[Dataset records]
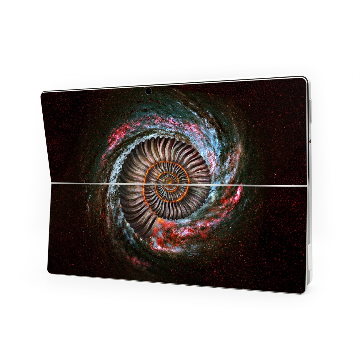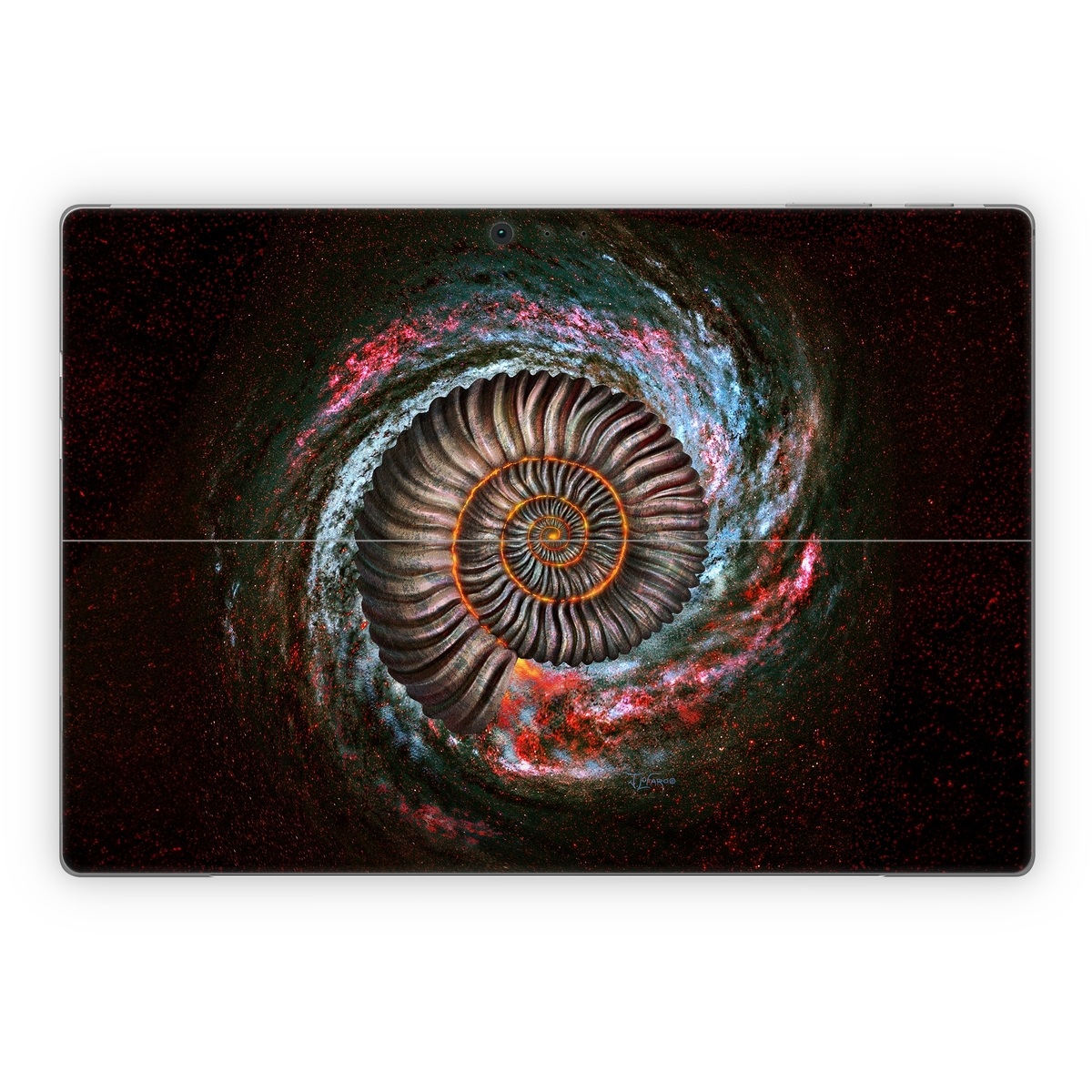 iStyles Microsoft Surface Pro Series Skin design of Spiral, Fractal art, Vortex, Circle, Art, Ammonoidea, with black, brown, red, white, blue, green colors, and tagged with animals, patterns, space, celestial, galactic, galaxy, outerspace, sci-fi.
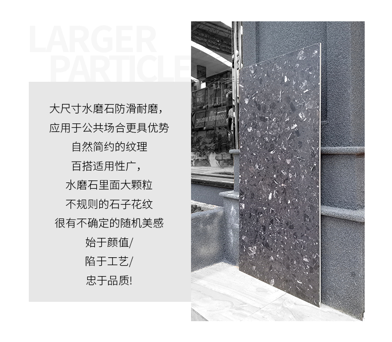 大尺寸水磨石防滑耐磨,應用于公共場合更具優勢,自然簡約的紋理,百搭適用性廣,水磨石里面大顆粒,不規則的石子花紋,很有不確定的隨機美感。始于顏值/陷于工藝/忠于品質!
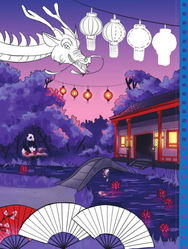Обычно на китайских костюмах можно увидеть красивые узоры. Это могут быть иероглифы, драконы, языки пламени или цветы. Пофантазируй, как ещё можно их украсить, для этого в журнале есть рисунок нарядов для раскрашивания.
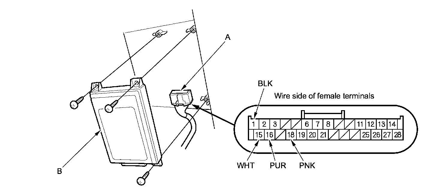 3. Disconnect the 28P connector (A) from the HandsFreeLink control unit (B).
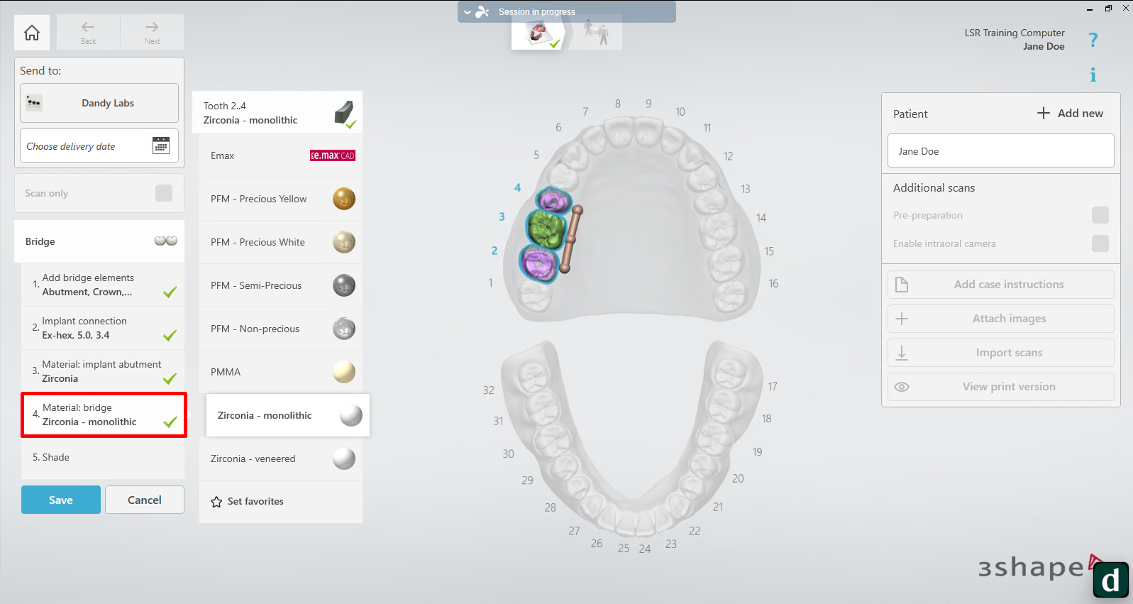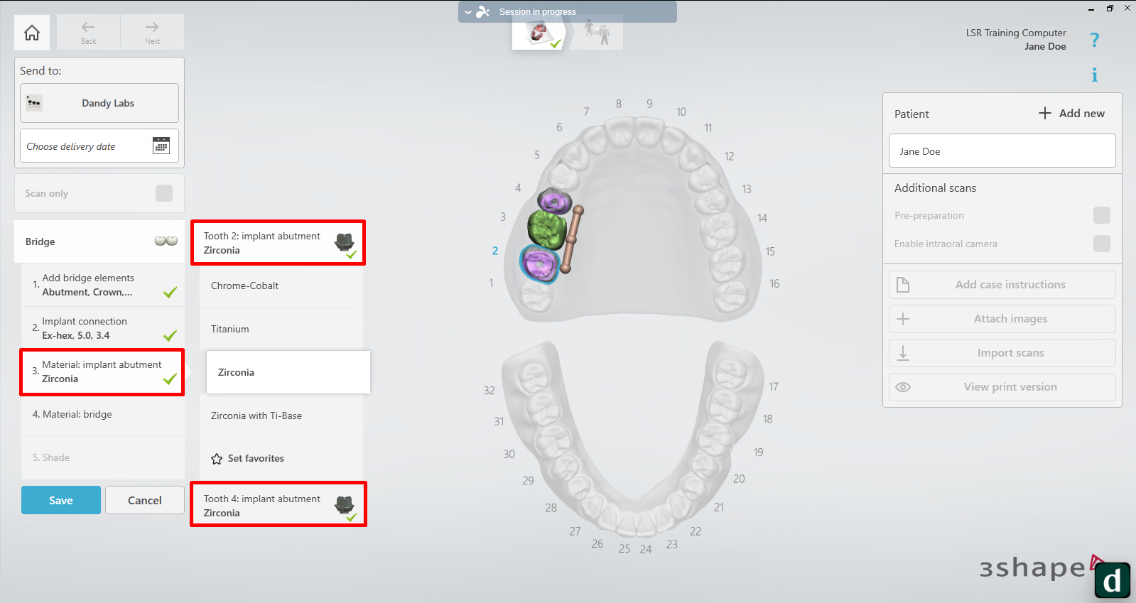 - Material Selection: Navigate to "Material: implant abutment" and pick your preferred material from the dropdown menu for each abutment. Select "Material: bridge" to choose your preferred bridge material from the drowndown menu.
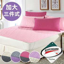 線上周年慶-【CERES】雙色幸運草系列3M防潑水加大三件式舖棉平單保潔墊(桃紅+深灰枕套)B0571-5L 分享文
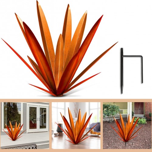 - [Simple assembly]Easy to assemble rust Metal Tequila Agave Plant features rustic yard decor, just place it wherever you want, perfect for decorating gardens, courtyards, ponds, terraces and lawns. It can be placed on the ground, on the terrace, as a decorative pot – outdoor and indoor.
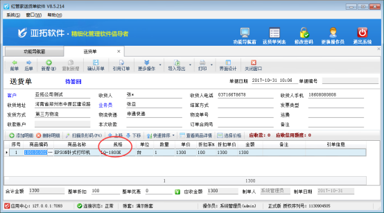 亞拓管理軟件、紅管家送貨單軟件、倉庫管理軟件都支持在“基礎資料”—》“商品信息”中維護商品的規(guī)格信息,軟件默認允許開單可以直接在單據明細中修改商品規(guī)格,為了避免開單修改商品規(guī)格,軟件可以設置開單時單據明細中的商品規(guī)格不允許修改,我們以送貨單軟件為例示范下如何設置? 首先我們在“基礎資料”—》“商品信息
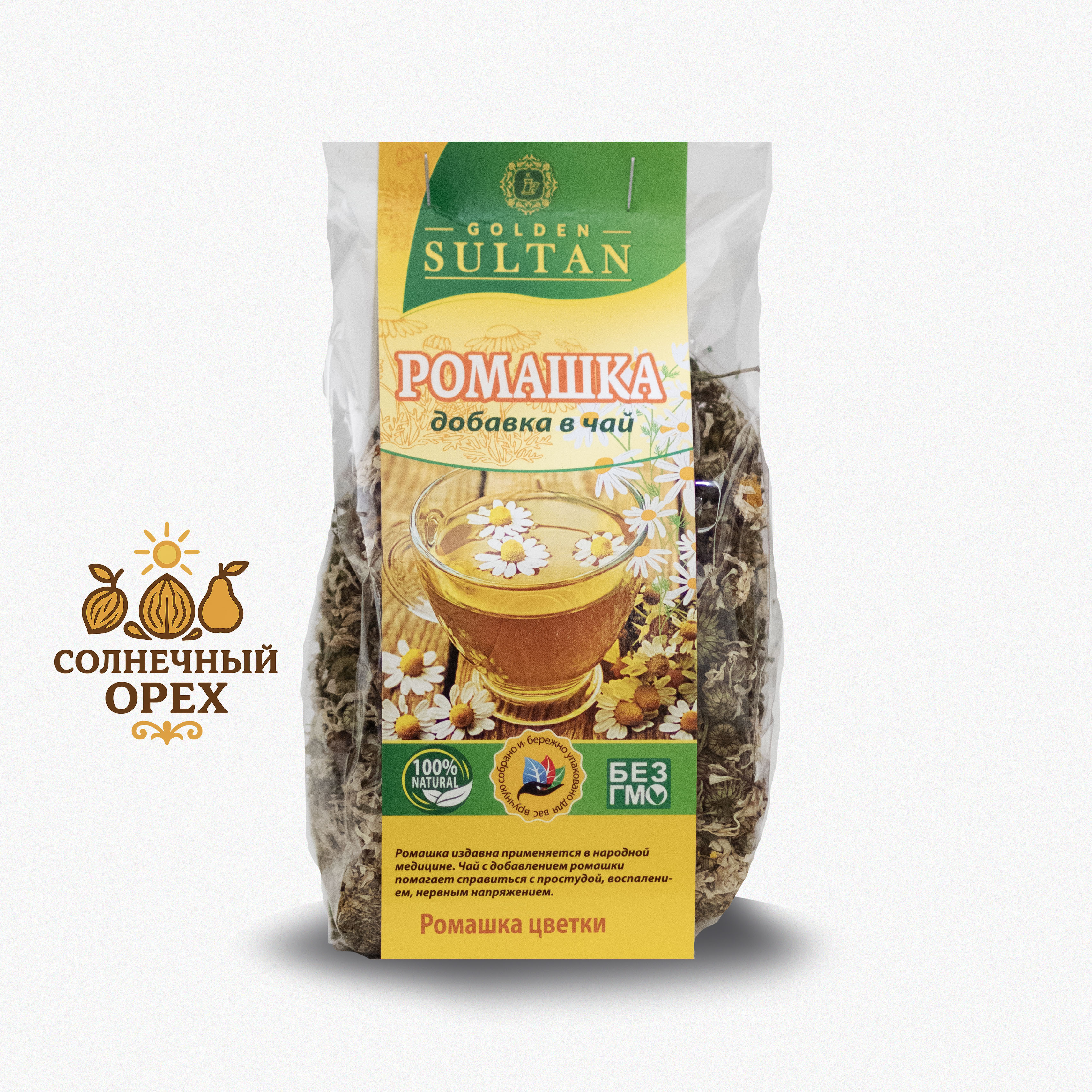 Чай Golden Sultan "Ромашка" – это источник здоровья и спокойствия. Натуральные цветки ромашки обладают мягким успокаивающим действием, снимают напряжение после напряженного дня и укрепляют иммунитет. При регулярном употреблении вы почувствуете прилив сил и улучшение общего самочувствия. Нейтральный вкус с нежными цветочными нотками делает этот чай универсальным напитком как для повседневного употребления, так и праздничных мероприятий. Удобная упаковка сохраняет свежесть и аромат продукта.
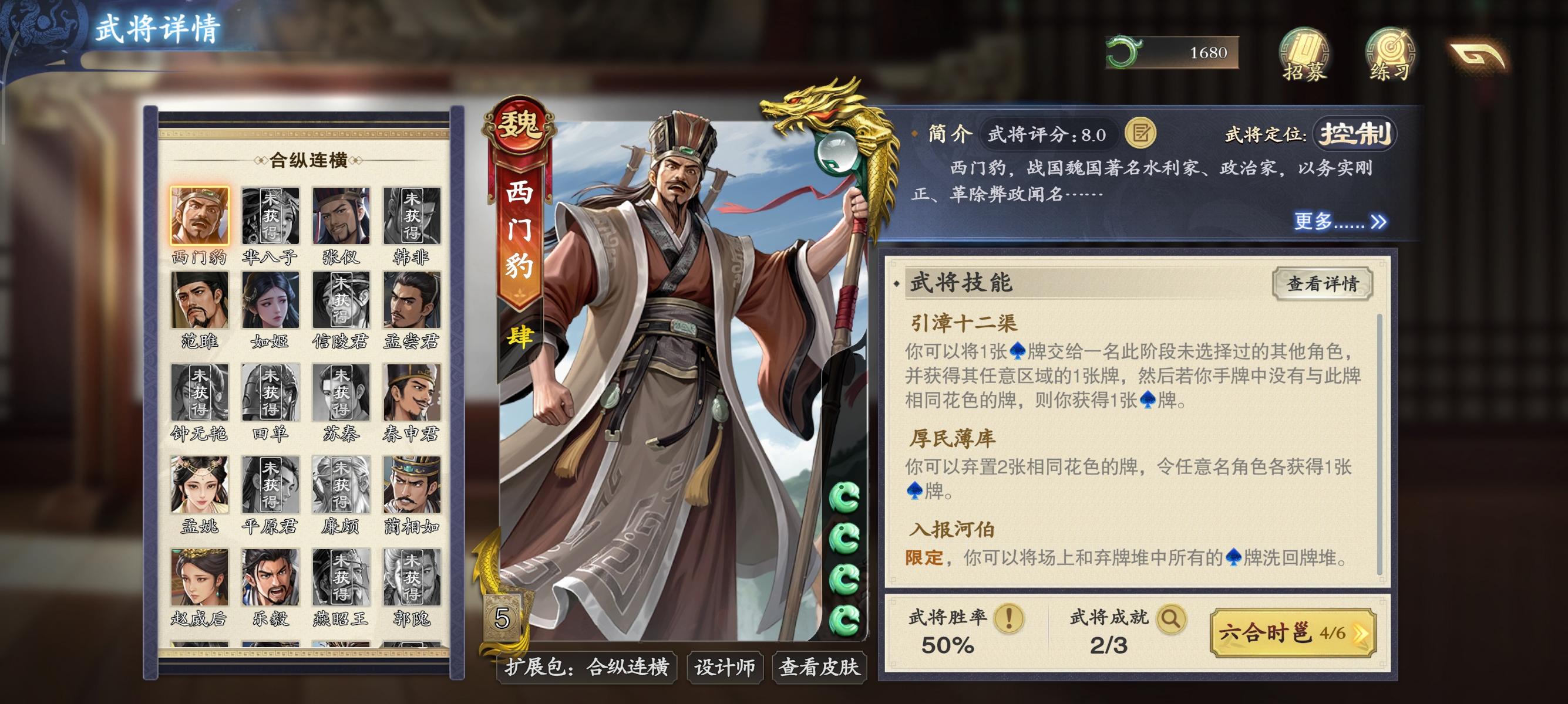 1.今天开服玩了几把豹子哥虽然胜率50(辅助太吃输出的意识了),但是很快乐。这种烂阵容都能赢。2.豹子哥技能很简单。同花色2张制衡。黑桃换对面牌,换回来花色手里单,再给一张黑桃。3.目前我感觉豹子哥控制很强,偷马,偷武器,找顺拆,找乐(顺拆乐都是黑桃)。输出基本没有,因为都在制衡。队友不容易暴毙,往往一手闪,但是自己很虚,没卡住对面距离,很容易在1血挣扎。4.目前感觉配合2种,一个孙权这种制
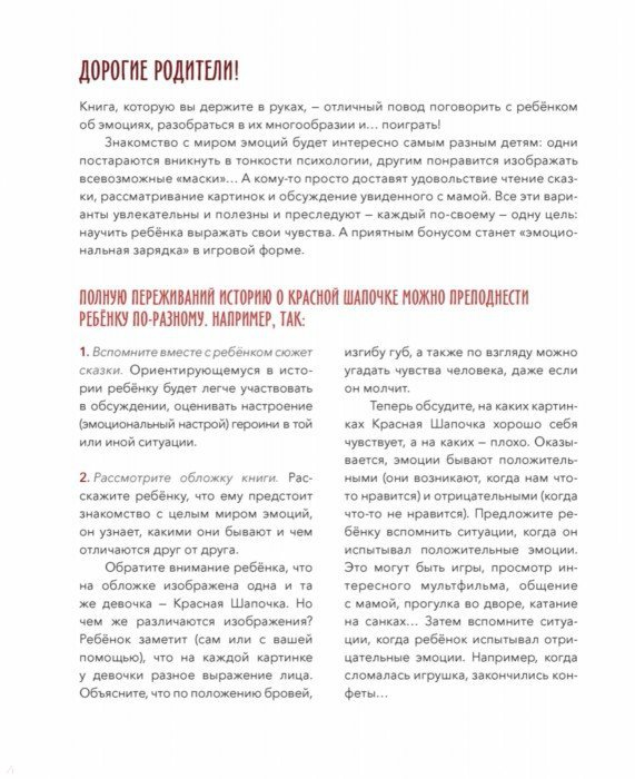 Эта книга - отличный повод поговорить с детьми об эмоциях, разобраться в их многообразии и, конечно, поиграть! Рассматривая иллюстрации и обсуждая чувства Красной Шапочки, ваш ребёнок станет настоящим следопытом в запутанном мире эмоций. Он научится не только выражать свои чувства, но и различать эмоции и узнавать их «в лицо», и в результате лучше понимать других людей.
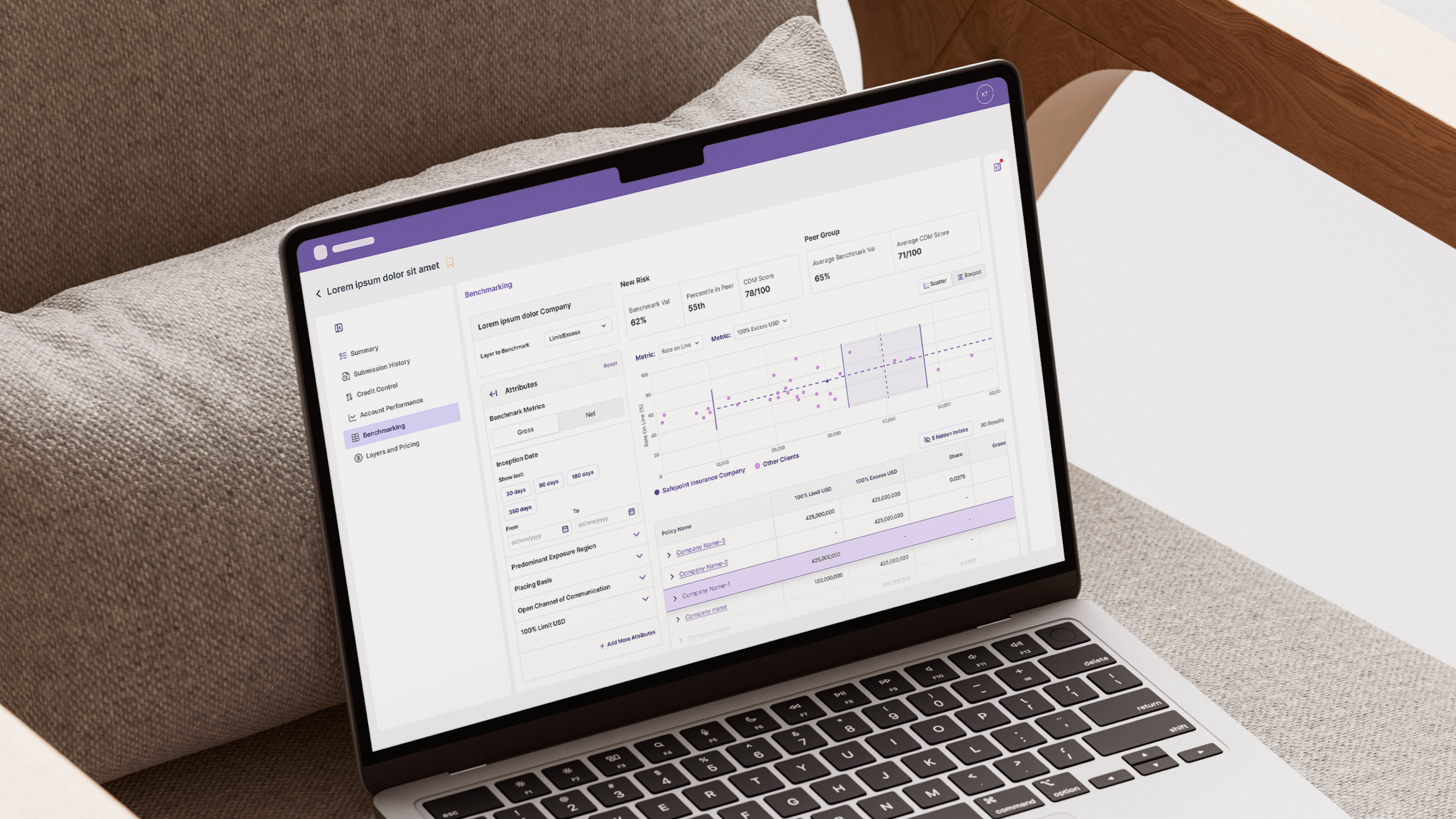 We designed a benchmarking section that visually distinguishes submissions by exposure, data quality, and comparability. This reduces manual judgement, makes data reliability immediately apparent, and supports faster, more confident pricing decisions.
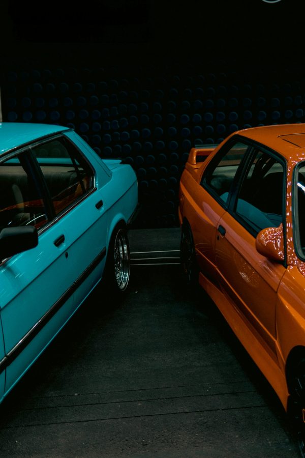 Close Up Of Vintage BMW E28 And E30 Models Displayed At An Indoor Car Exhibition.
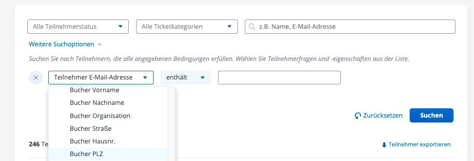 So können Sie zB nach dem Status oder der gebuchten Ticketkategorie suchen bzw. über die "Weiteren Suchoptionen" sogar nach Antworten aus optionalen Abfragefeldern filtern.

- Problem to work on
An exact copy is needed of the entries above, starting at the line that holds "線上周年慶-【CERES】雙" and stopping at the line that holds "- [Simple assembly]Easy", both kept; pictures stay out.

- Solution
 線上周年慶-【CERES】雙色幸運草系列3M防潑水加大三件式舖棉平單保潔墊(桃紅+深灰枕套)B0571-5L 分享文
 - [Simple assembly]Easy to assemble rust Metal Tequila Agave Plant features rustic yard decor, just place it wherever you want, perfect for decorating gardens, courtyards, ponds, terraces and lawns. It can be placed on the ground, on the terrace, as a decorative pot – outdoor and indoor.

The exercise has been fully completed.